Healey v. Toolan

227 So. 2d 55 | Fla. Dist. Ct. App. | 1969

Lead Opinion

OWEN, Judge.

This appeal brings for review an order of the trial court dissolving a writ of garnishment. The question to be decided is whether on the undisputed facts of this case F.S.1967, Section 61.12, F.S.A.,1 permits garnishing the wages of the head of a household to satisfy a judgment based upon a contractual obligation to pay child support.

Appellant was the wife of appellee when the parties entered into an agreement dated June 2, 1961, wherein the appellee husband agreed to pay certain sums to the wife for the “support, education and maintenance” of the minor children of the marriage. Six weeks later appellant wife obtained a divorce in the State of Alabama. The final decree of divorce dated July 18, 1961, made no reference to the support agreement nor did the decree contain any provision for the support of the children.

In January, 1967, the former wife filed in the Court of Record of Broward County *56an action at law against the former husband, alleging that he was in arrears under the support agreement. In due course the former wife obtained a judgment in the amount of $2,460.00. She then filed a motion for writ of garnishment and the writ was issued directed to the former husband’s employer. The former husband (appellee) filed a motion to discharge the writ on the grounds that he was the head of a family residing in this state and that his wages were exempt from garnishment under the provisions of F.S.1967, Section 222.11, F. S.A.2 The court entered its order discharging the writ, finding that the former husband was entitled to the exemption and that the appellant’s judgment was not within the purview of the exception provided by F.S.1967, Section 61.12, F.S.A.

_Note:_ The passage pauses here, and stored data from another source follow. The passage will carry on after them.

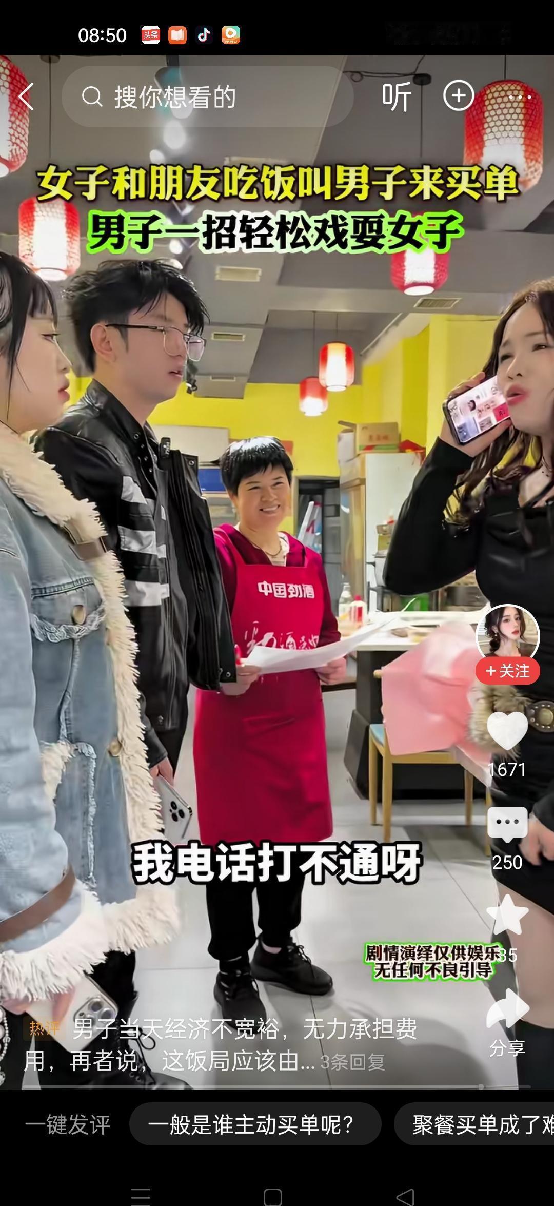 这剧情也太尴尬了吧……请了好几个人吃饭,快吃完她打电话叫男友过来。男友一来看着人群就懵了,她当场喊“辉哥,你来帮我们买单吧”。他还说“多点点,我去车上拿钱”,结果人走不回,电话一直不通,最后直接把她拉黑了。感觉被当替身了似的。朋友也愣着,不知道怎么收场。要是真这样,心凉了……你们觉得呢?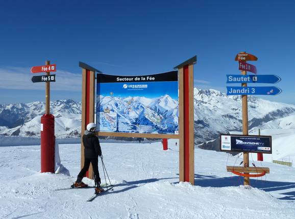 Orientierung (Pistenplan, Informationstafeln, Ausschilderung) und Sicherheit im Skigebiet Les 2 Alpes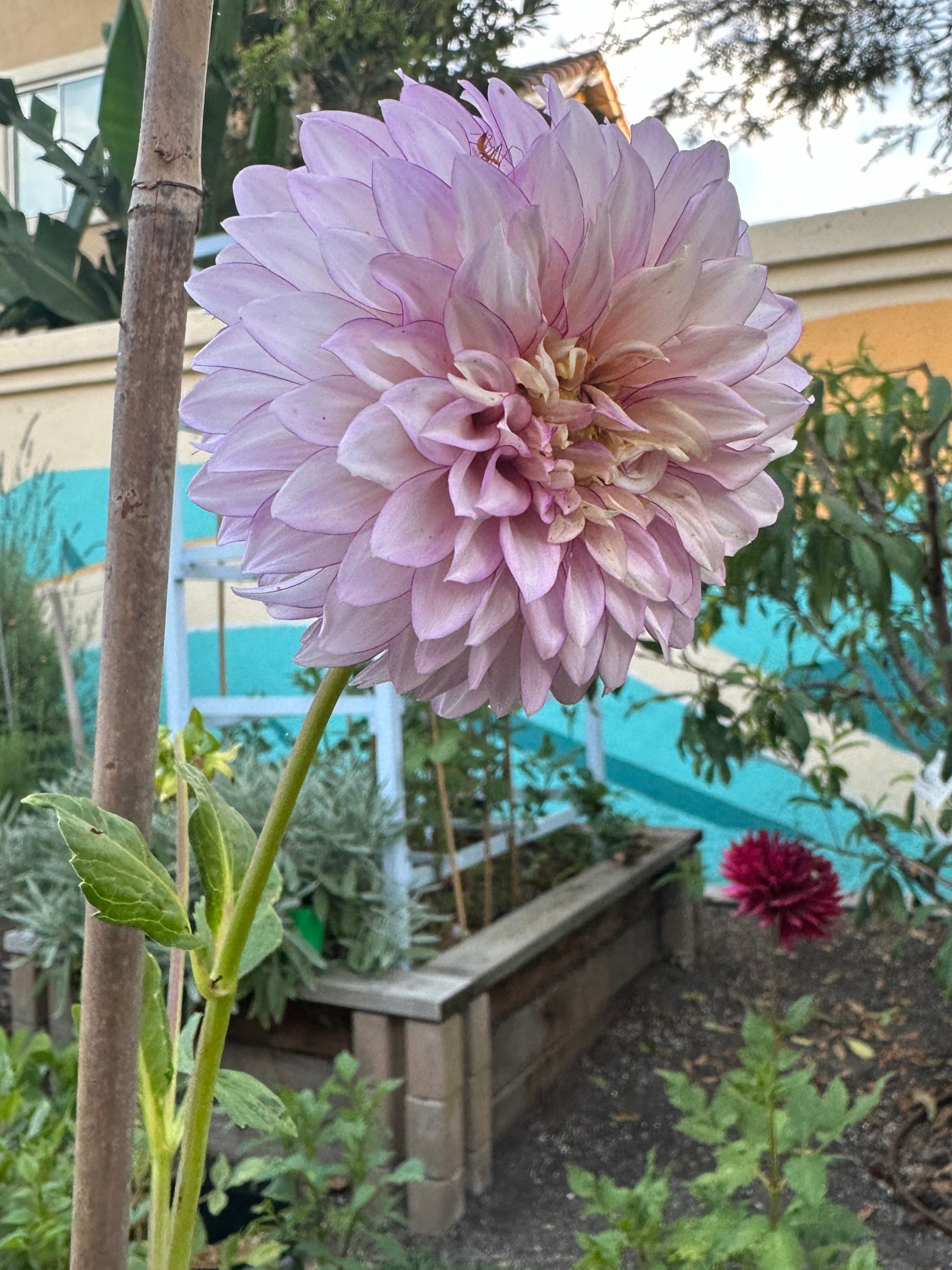 This beautiful flower is a medium (5-7") light blend informal decorative that tends toward light purple/white tones. She came to us via an auction fundraiser in 2023 and we were so excited to have her. She has very ruffled petals in the best way that you can hope for with an informal decorative, and we just wish we had captured a good photo of her this year, but hope these photos give you a sense of what she looked like in our garden this year. She tends to have almost a picotee edging of purple along its petals. She grows about 4' tall for us.

We affirm the order dissolving the writ of garnishment. Although the record does not disclose whether appellee is the head of a family residing in this state, this fact was apparently conceded in the court below and is neither questioned in this court nor does the record affirmatively show the fact to be otherwise. Assuming this fact, appellee’s wages would be exempt from garnishment by virtue of F.S.1967, Section 222.11, F.S.A., unless the exception provided by F.S.1967, Section 61.12, F.S.A., would apply. However, both by its expressed wording and by judicial construction,3 that statute applies only “to enforce the orders of the courts of this state for alimony, suit money or support, or other orders in actions for divorce or alimony.” This was not an action for divorce or alimony. It was purely and simply an ex contractu action at law whereby one party to a contractual obligation sought a money judgment against the other for a breach of the contract. The fact that the contractual obligation arose through the former husband’s recognition of his legal obligation for child support is not enough to convert the judgment into an order of a court of this state for support in an action “for divorce or alimony.” 4

Affirmed.

REED, J., concurs. WHITE, JOS. S., Associate Judge, concurs specially, with opinion.

. F.S.1967, Section 61.12, F.S.A. Attachment or garnishment of amounts due for alimony. So much as the court orders of the money or other things due to any person or public officer, state or county, whether the head of a family residing in this state or not when the money or other thing is due for the personal labor or service of the person or otherwise, is subject to attachment or garnishment to enforce the orders of the courts of this state for alimony, suit money or support, or other orders in actions for divorce or alimony * * *.

.F.S.1967, section 222.11, F.S.A. Ememption of wages from garnishment. No writ of attachment or garnishment or other process shall issue from any of the courts of this state to attach or delay the payment of any money or other thing due to any person who is the head of a family residing in this state, when the money or other thing is due for the personal labor or services of such person.

. Reynolds v. Reynolds, 1933, 113 Fla. 361, 152 So. 200.

. Noyes v. Cooper, Fla.App.1968, 216 So. 2d 799; cf. Howell v. Howell, Fla.App. 1968, 207 So.2d 507.






Concurrence Opinion

WHITE, JOS. S., Associate Judge

(concurring specially).

I agree to the affirmance solely because the wife did not proceed under the provisions of F.S.1967, Section 61.12, F.S.A., by first obtaining an order of court authorizing the issuance of the writ of garnishment. On the contrary, she obtained the writ from the clerk as provided for writs of garnishment “after judgment”. Such was the case in Noyes v. Cooper, supra. Had the wife proceeded as directed by Section 61.12, by obtaining, first, an order for the writ, the result may have been different. See Reynolds v. Reynolds, supra. Howell v. Howell, supra, has no application to the question now before the court, since it does not concern garnishment.